=== DATA SECTION ===

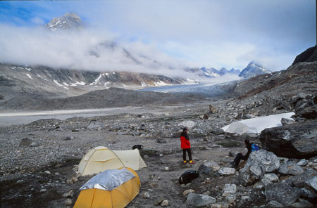 Retour au camp à 17h30 pour le rituel du thé et presque dans la foulée le repas du soir : soupe aux 4 fromages, purée à l’oseille, mimolette, oignon et deux cafés. Belle soirée où l’on tire des plans sur le trajet du soleil vers l’ouest et le glacier nous regarde d’un air narquois. 20h30 : tout le monde sous la tente.
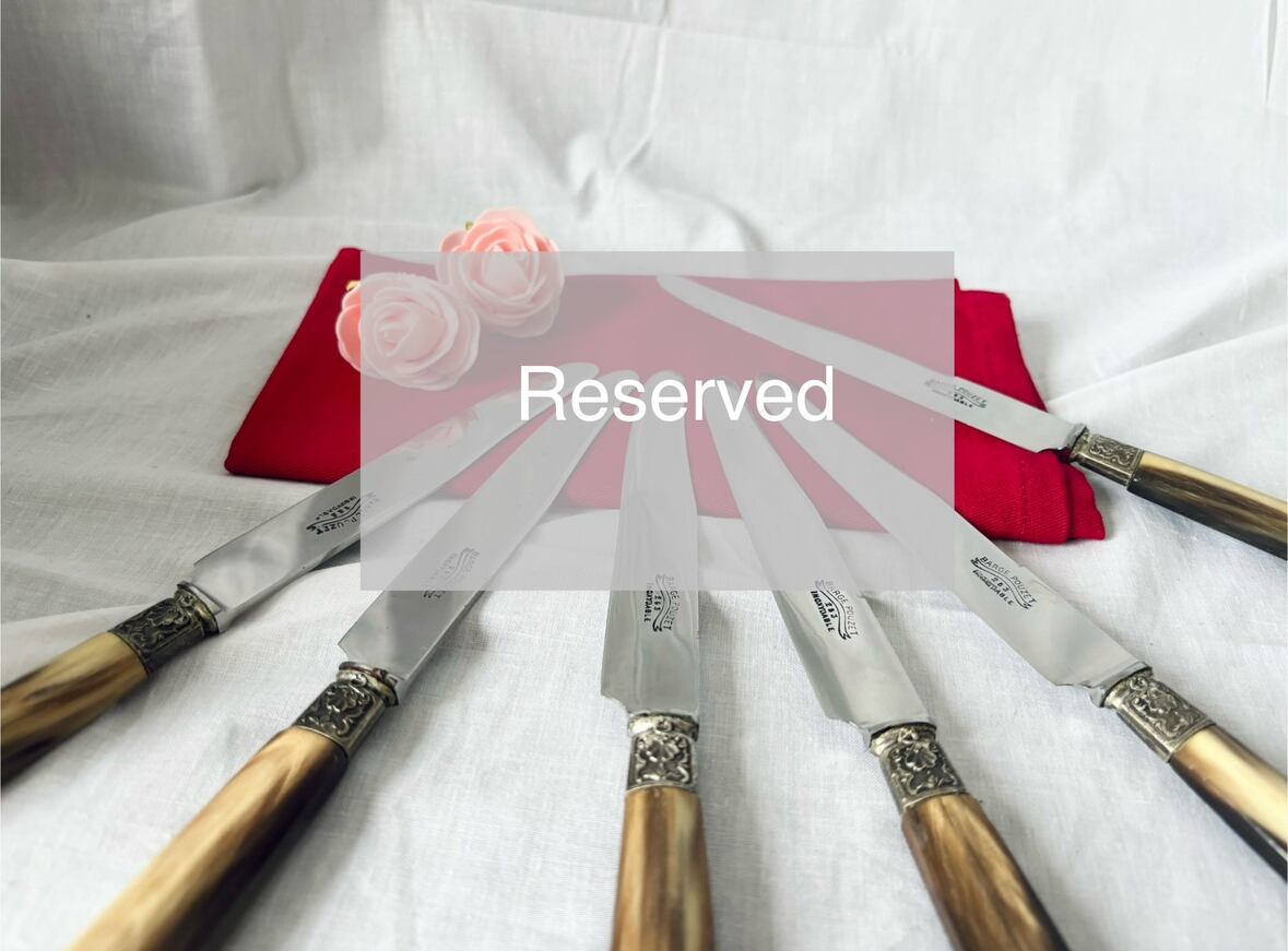 アイテムの状態として、サンプル写真に印をつけたように、ステンレスの刃先に所々劣化が見られます。また、持ち手の装飾部分は銀メッキで、個体により、劣化の度合いが異なります。完璧な状態をお求めの方にはお勧めできません。
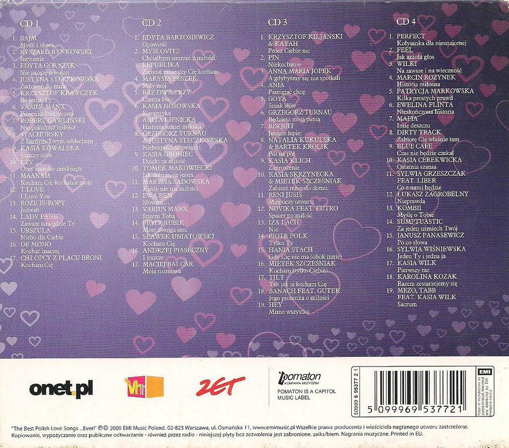 Zawiera: Zawiera: CD 3.: Prócz Ciebie nic (Krzysztof Kiljański feat. Kayah) ; Niekochanie (PIN) ; A gdybyśmy się nie spotkali (Anna Maria Jopek) ; Pamiętać chcę (Ania) ; Smak słów (Goya) ; Będziesz moją panią (Grzegorz Turnau) ; Jeszcze lepiej (Bisquit) ; Pół na pół (Natalia Kukulska feat. Bartek Królik) ; Zaproszenie (Kasia Klich) ; Zabierz mnie do domu (Kasia Skrzynecka feat. Mietek Szcześniak) ; Miej oczy otwarte (Reni Jusis) ; Spacer po miłość (Novika feat. Futro) ; Nie (Iza Lach) ; Tylko ty (Piotr Polk) ; Gdy cię nie ma (obok mnie) (Hania Stach) ; Kocham (tylko ciebie) (Mietek Szcześniak) ; Tak jak ja kocham cię (Tilt) ; Jego piosenka o miłości (Banach feat. Gutek) ; Mimo wszystko (Hey). CD 4.: Kołysanka dla nieznajomej (Perfect) ; Jak anioła głos (Feel) ; Na zawsze i na wieczność (Wilki) ; Historia miłosna (Marcin Rozynek) ; Kilka prostych prawd (Patrycja Markowska) ; Nieskończona historia (Ewelina Flinta) ; Imię deszczu (Mafia) ; Zabiorę cię właśnie tam (Dirty Track) ; Czas nie będzie czekał (Blue Cafe) ; Ostatnia szansa (Kasia Cerekwicka) ; Co z nami będzie (Sylwia Grzeszczak & Liber) ; Nieprawda (Łukasz Zagrobelny) ; Myślę o tobie (Kombii) ; Za jeden uśmiech Twój (Sumptuastic) ; Po co słowa (Janusz Panasewicz) ; Jeden ty i jedna ja (Sylwia Wiśniewska) ; Pierwszy raz (Kasia Wilk) ; Razem zestarzejemy się (Karolina Kozak).

===

**EXERCISE REQUIREMENTS:**
The answer is the lines above, word for word, from the first one through the one containing "アイテムの状態として、サンプ"; it includes no pictures.

**SOLUTION TO THIS TASK:**
 Retour au camp à 17h30 pour le rituel du thé et presque dans la foulée le repas du soir : soupe aux 4 fromages, purée à l’oseille, mimolette, oignon et deux cafés. Belle soirée où l’on tire des plans sur le trajet du soleil vers l’ouest et le glacier nous regarde d’un air narquois. 20h30 : tout le monde sous la tente.
 アイテムの状態として、サンプル写真に印をつけたように、ステンレスの刃先に所々劣化が見られます。また、持ち手の装飾部分は銀メッキで、個体により、劣化の度合いが異なります。完璧な状態をお求めの方にはお勧めできません。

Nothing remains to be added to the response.